6. The aqueous chemical mechanical planarization (CMP) polishing composition as claimed in claim 1, wherein the amount of aminosilane in nanomoles of cationic nitrogen atoms on the silica particle per square meter of silica particle surface area (nM/m2 silica) ranges from 70 to 500 nM/m2 silica in the aqueous CMP polishing composition.

7. The aqueous chemical mechanical planarization (CMP) polishing composition as claimed in claim 6, wherein the amount of aminosilane ranges from 100 to 300 nM/m2 silica.

8. The aqueous chemical mechanical planarization (CMP) polishing composition as claimed in claim 1, wherein the amount of the compound containing two quaternary ammonium groups ranges from 18 to 100 nM of the compound containing two quaternary ammonium groups per m2 of the silica particles (nM/m2 silica) in the aqueous CMP polishing composition.

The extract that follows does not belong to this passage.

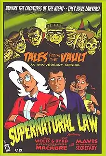 Supernatural Law, previously known as Wolff and Byrd, Counselors of the Macabre, is a comic strip, comic book and web comic series written and illustrated by Batton Lash. The series features the law practice of Alanna Wolff and Jeff Byrd, who specialize in serving the legal needs of monsters and other supernatural beings,[1] or those who find themselves in conflict with such beings. Wolff and Byrd themselves are human, as is their secretary Mavis. The series tagline is "Beware the creatures of the night—they have lawyers!"

9. The aqueous chemical mechanical planarization (CMP) polishing composition as claimed in claim 1, further comprising a buffer, which is a carboxylate of a (di)carboxylic acid having a pKa of 3 to 7 in the amount of from 0 to 50 millimoles per kg of the total composition.

10. The aqueous chemical mechanical planarization (CMP) polishing composition as claimed in claim 1, wherein the composition comprises aminosilane group containing silica particles in the amount of from 15 to 22 wt. %, as solids, based on the total weight of the composition.

11. The aqueous chemical mechanical planarization (CMP) polishing composition as claimed in claim 1, wherein the compositions comprise no oxidizer compound.